---
title: "Categorical Functional Data Analysis"
author: "Cristian Preda, Quentin Grimonprez"
date: "`r Sys.Date()`"
output: rmarkdown::html_vignette
vignette: >
  %\VignetteIndexEntry{cfda}
  %\VignetteEngine{knitr::rmarkdown}
  \usepackage[utf8]{inputenc}
---

See <https://www.mdpi.com/2227-7390/9/23/3074> for more details about the mathematical background and an overview of the package.

```{r setup, include=FALSE}
knitr::opts_chunk$set(echo = TRUE, fig.align = "center", fig.width = 5, fig.height = 5)
```


## Dataset Simulation

``` {r load, echo=TRUE, message=FALSE}
library(cfda)
set.seed(42)
```

We simulate the Jukes Cantor model of nucleotide replacement.

Denote the set of nucleotides: $E = \{A, T, G, C\}$. A DNA sequence is seen as a string of nucleotides: `ATGCATTAC`.

Each \textbf{site} in the sequence is subject to mutation over time.

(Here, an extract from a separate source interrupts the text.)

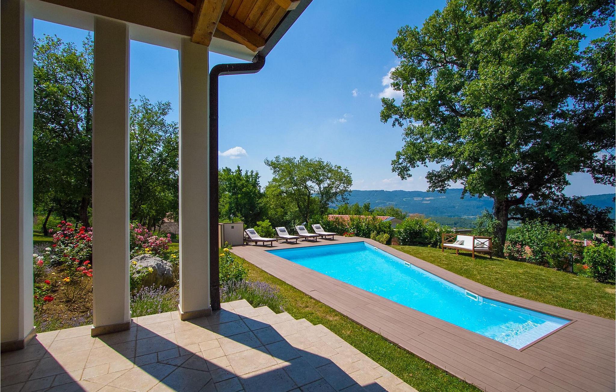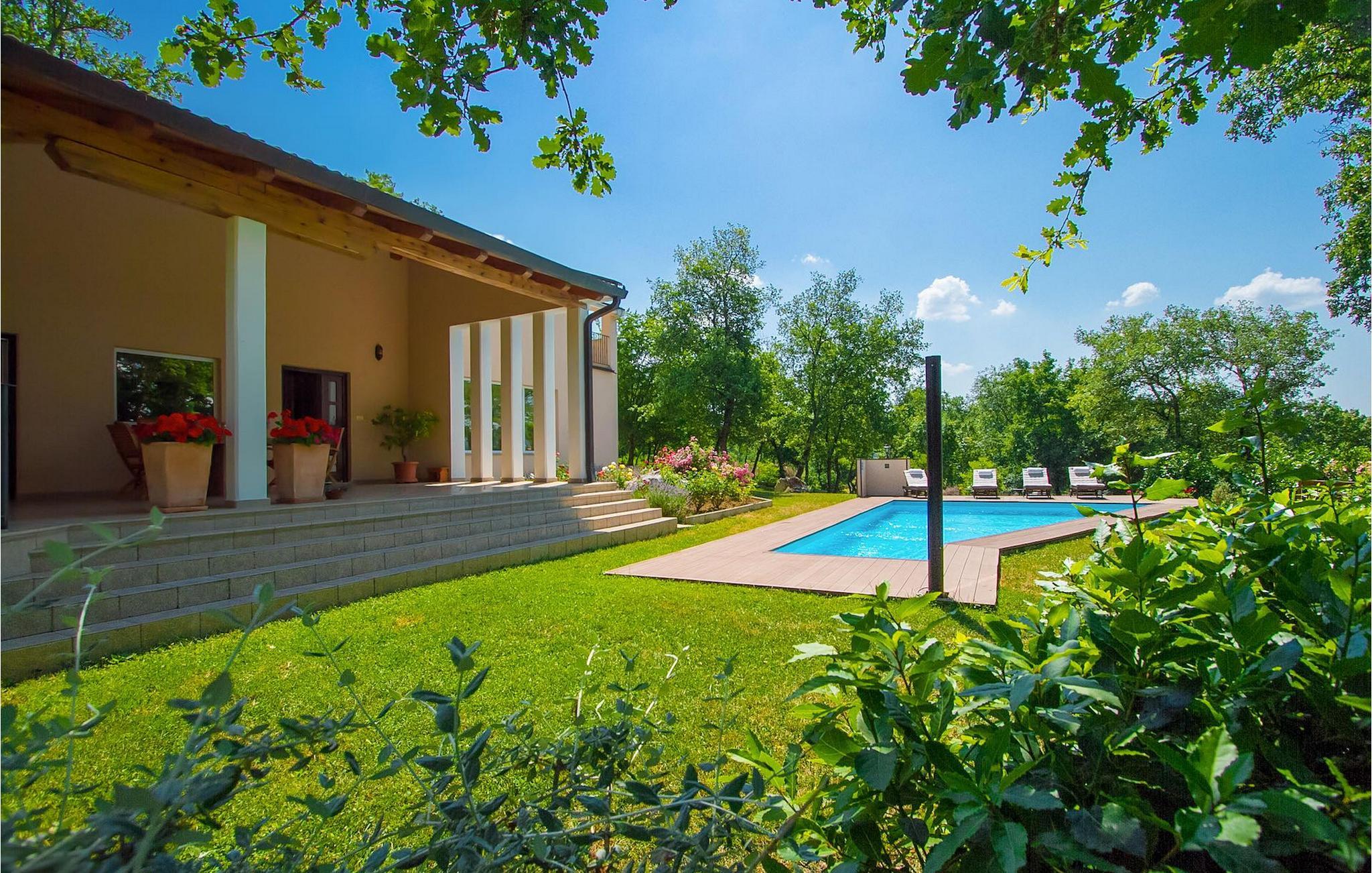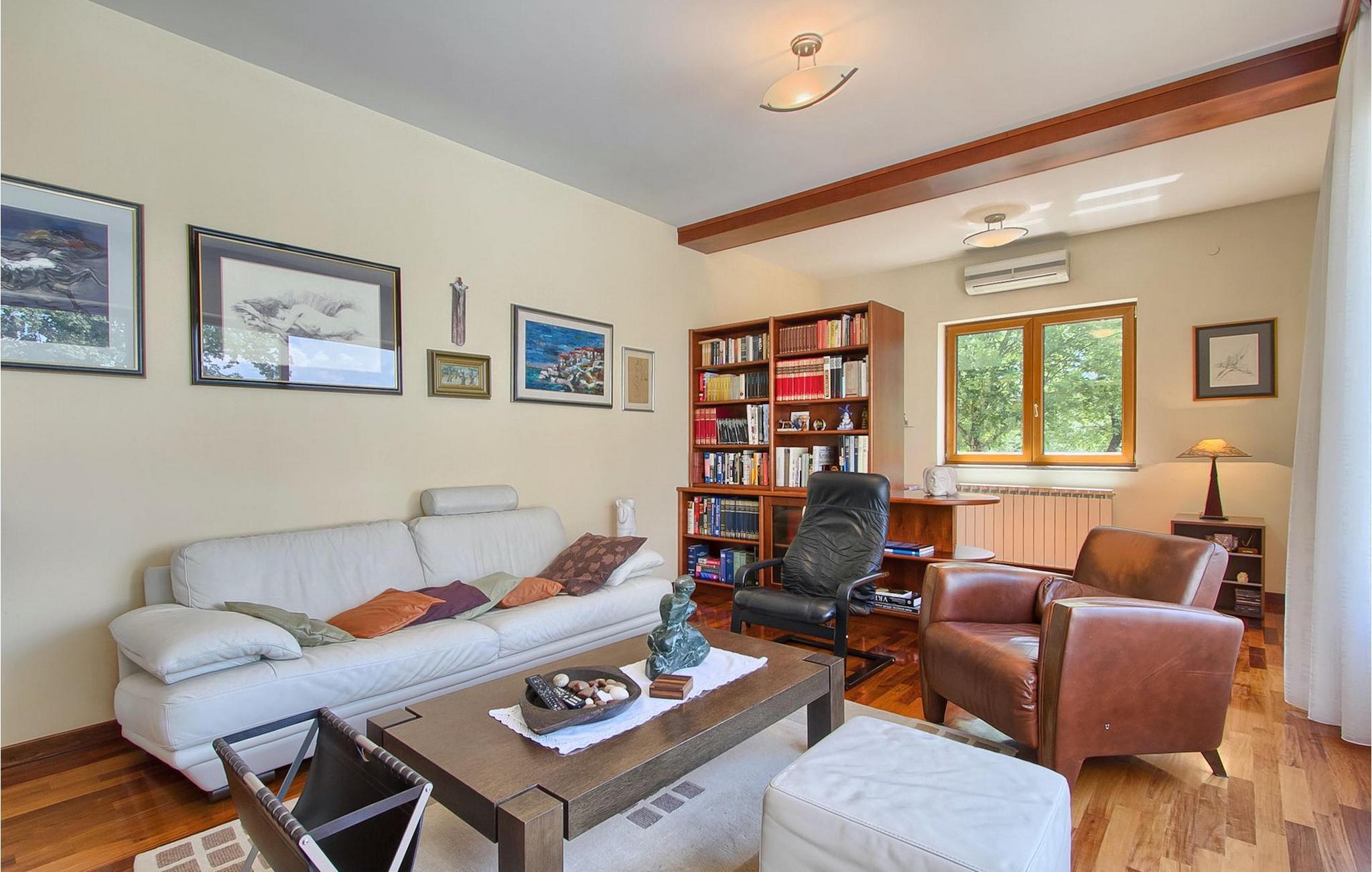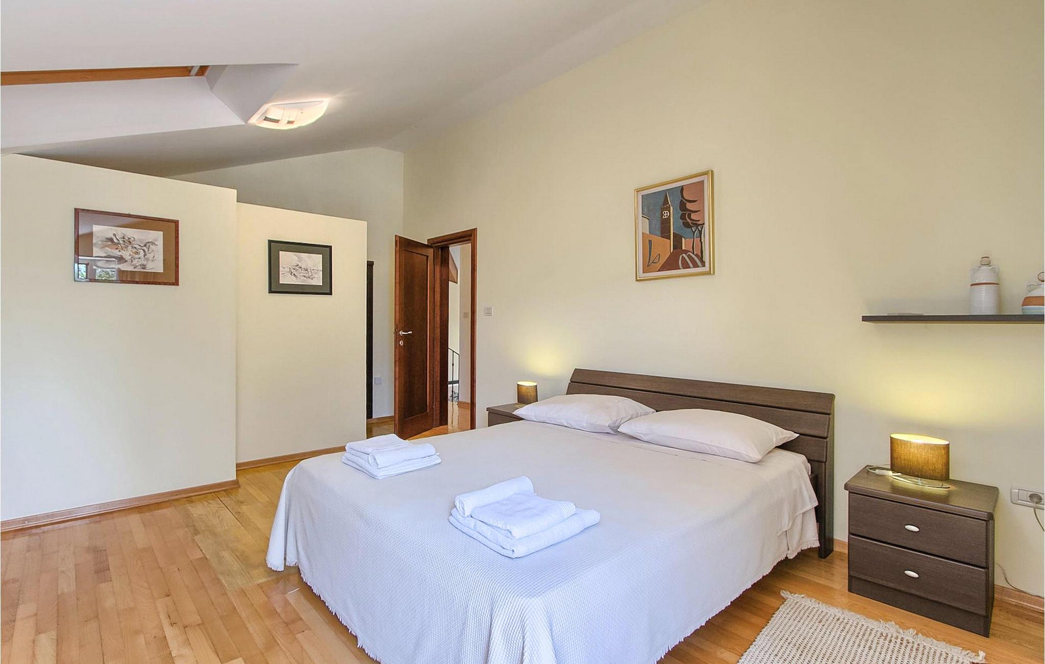 Dies ist eine Villa ideal für Familienurlaube und Entspannung in Privatsphäre. Villa Vesna ist eine schöne moderne Unterkunft welche Platz für bis zu 8 Personen bietet. Die Villa verfügt über insgesamt 4 Schlafzimmer, davon sind 3 mit Doppelbetten und eins mit 2 Einzelbetten. Im Erdgeschoss gibt es eine geräumige Wohn-Ess-Küche mit direktem Zugang zum privaten Pool im Garten, wo Sie auch einen Lounge-Bereich vorfinden werden. Der große Pool hat 40m2 und ist modern gestaltet. Der schöne mediterrane Garten bietet den Gästen Privatsphäre und Ruhe. Auf dem Grundstück befindet sich eine Garage für 2 Fahrzeuge und eine typische istrische Konoba- ein Ort, wo Sie wahrscheinlich den Großteil Ihrer Zeit, während des Aufenthaltes in der Villa Vesna, verbringen werden. Dies ist ein geräumiges Zimmer mit offenem Kamin und einem großen Tisch wo alle zusammenfinden können.

In the Jukes-Cantor model (1969), each site is a Markovian jump process with continuous time having as generator:

$$ Q = \ \ \ \begin{array}{c|cccc}
&A&T&G&C \\ \hline
A&-3\alpha&\alpha&\alpha&\alpha\\
T&\alpha&-3\alpha&\alpha&\alpha\\
G&\alpha&\alpha&-3\alpha&\alpha\\
C&\alpha&\alpha&\alpha&-3\alpha\\ \hline
\end{array}$$

for some $\alpha >0$.


Let assume that the process is observed over the period $[0,T_{\max}]$ in $n$ sites with the nucleotide $A$ at time $t=0$. In the following, nucleotides are recoded: $A\leftrightarrow 1$, $T\leftrightarrow 2$, $G\leftrightarrow 3$, $C\leftrightarrow 4$.


```{r genData, echo=TRUE}
K <- 4
PJK <- matrix(1 / 3, ncol = K, nrow = K) - diag(rep(1 / 3, K))
lambda_PJK <- c(1, 1, 1, 1)

Tmax <- 10
n <- 100

d_JK <- generate_Markov(n = n, K = 4, P = PJK, lambda = lambda_PJK, Tmax = Tmax, labels = c("A", "C", "G", "T"))

head(d_JK, 10)
```

The dataset is a data.frame with 3 columns: `id`, `time`, `state`. `id` contains the id of the different individuals (usually integers). `time` contains the time values at which a change occurs, note that for each individual, time values are ordered and start at 0. `state` contains the state that appears at the given time, state must be characters, factors, integers. This data format is used by the most part of cfda's functions.

```{r suumary, echo=TRUE}
summary_cfd(d_JK)
```

We can compute the duration of each trajectory.
```{r, echo=TRUE}
duration <- compute_duration(d_JK)
head(duration)
```

All individuals has a different length. The computation of an optimal encoding requires that the end time of each individual is the same ($T_{\max}$), this can be done with the following function:

```{r cutT, echo=TRUE}
d_JKT <- cut_data(d_JK, Tmax = Tmax)
```


Individuals can be plotted:
```{r plot, echo=TRUE, fig.height = 7}
plotData(d_JKT)
```


## Basic statistics

Generally, in categorical functional data analysis, the following basic statistics are computed.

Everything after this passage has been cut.